STORED DATA
......
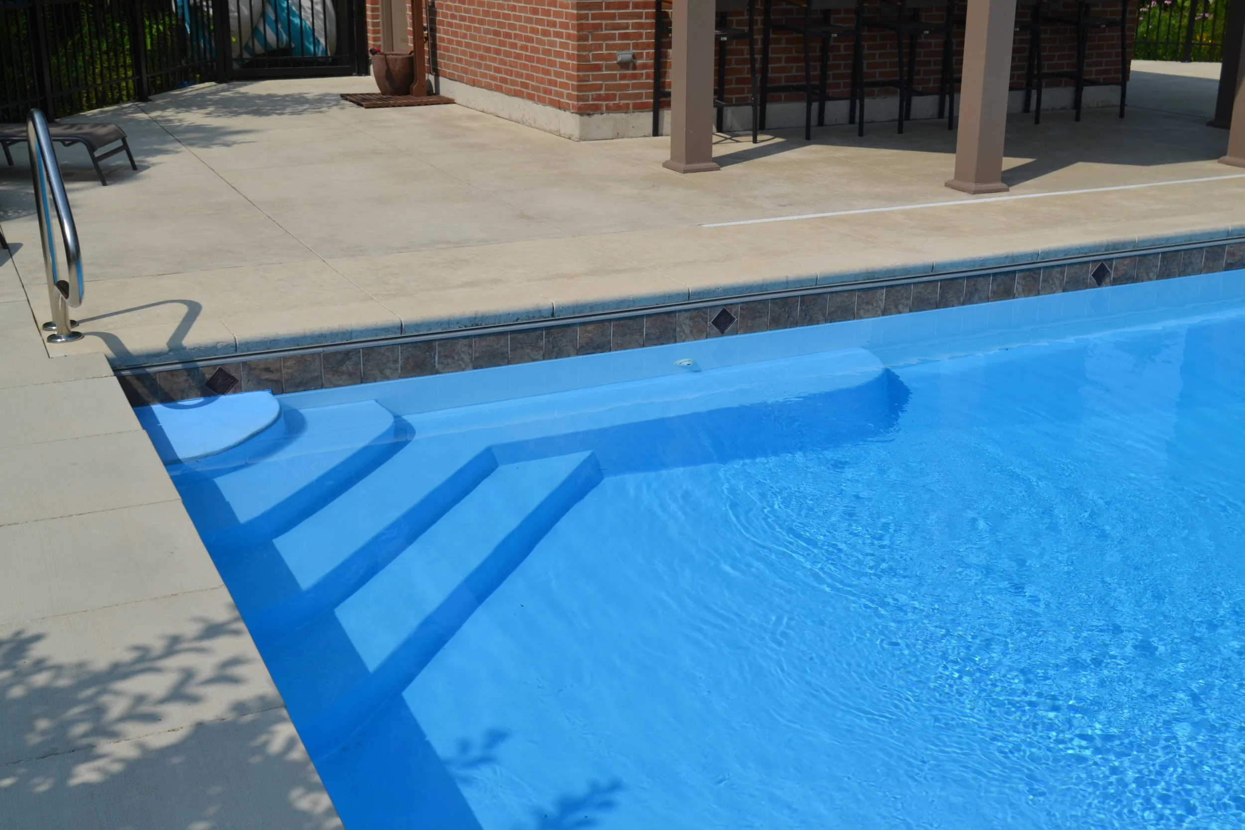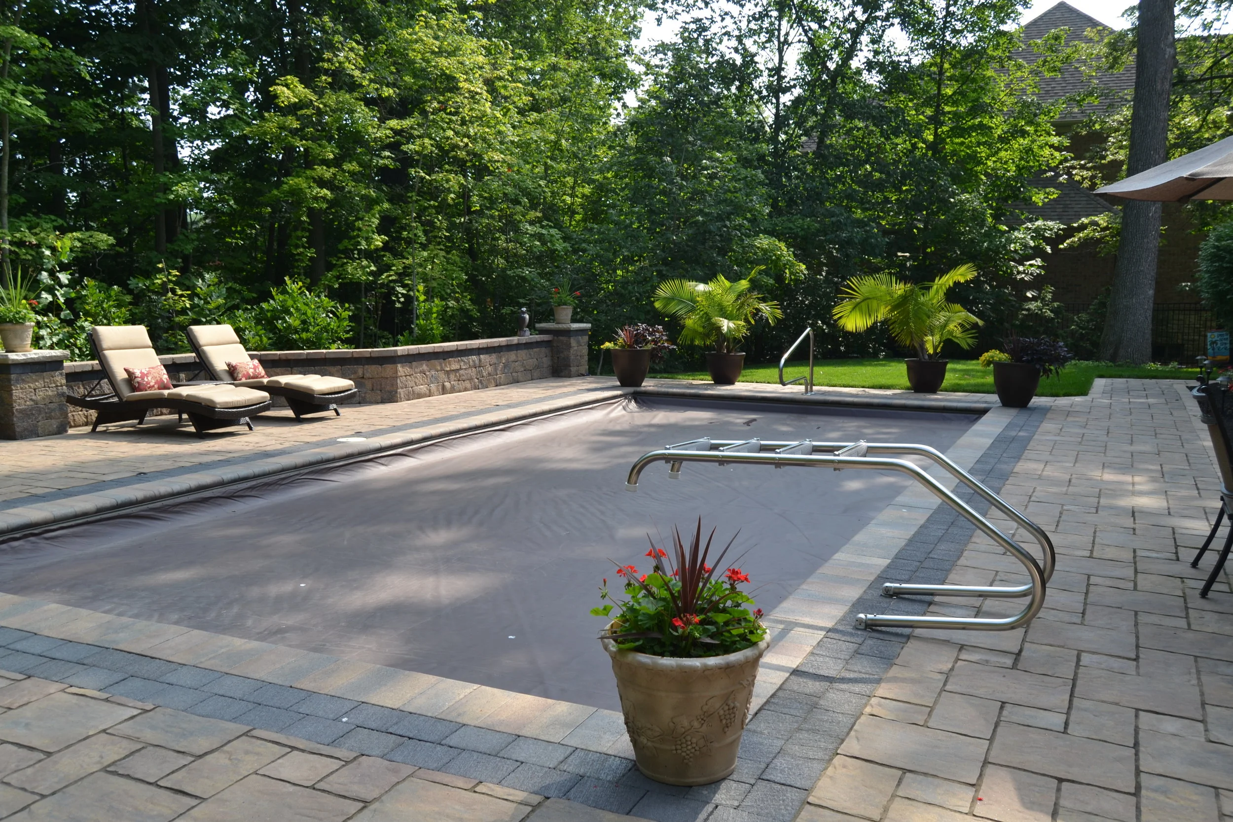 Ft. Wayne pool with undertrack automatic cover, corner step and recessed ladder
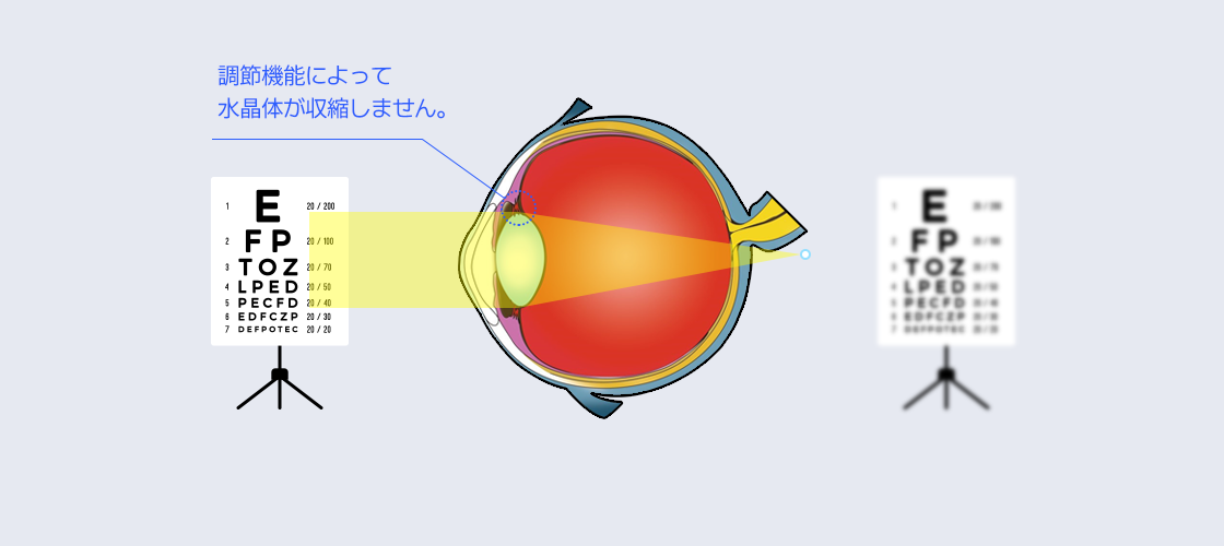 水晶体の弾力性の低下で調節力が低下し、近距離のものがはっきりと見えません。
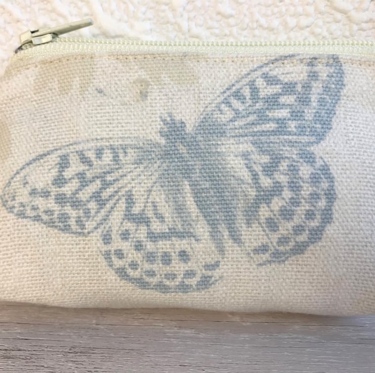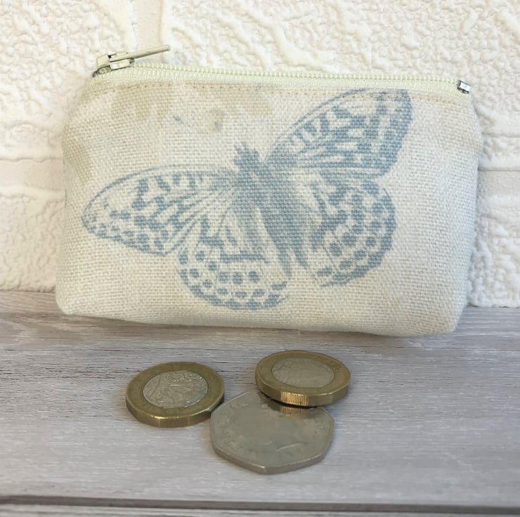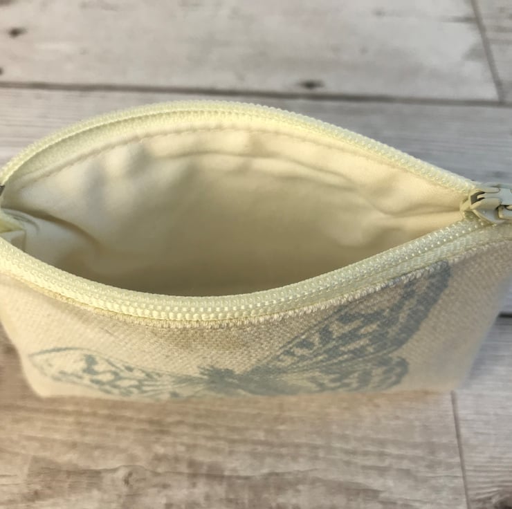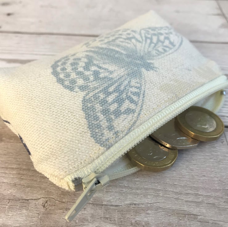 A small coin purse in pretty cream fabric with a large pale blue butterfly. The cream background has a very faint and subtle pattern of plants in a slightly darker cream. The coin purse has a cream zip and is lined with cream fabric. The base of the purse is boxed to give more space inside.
......
TASK REQUIREMENTS
Leaving the pictures out, output each line of the listing exactly.

RESULT
 Ft. Wayne pool with undertrack automatic cover, corner step and recessed ladder
 水晶体の弾力性の低下で調節力が低下し、近距離のものがはっきりと見えません。
 A small coin purse in pretty cream fabric with a large pale blue butterfly. The cream background has a very faint and subtle pattern of plants in a slightly darker cream. The coin purse has a cream zip and is lined with cream fabric. The base of the purse is boxed to give more space inside.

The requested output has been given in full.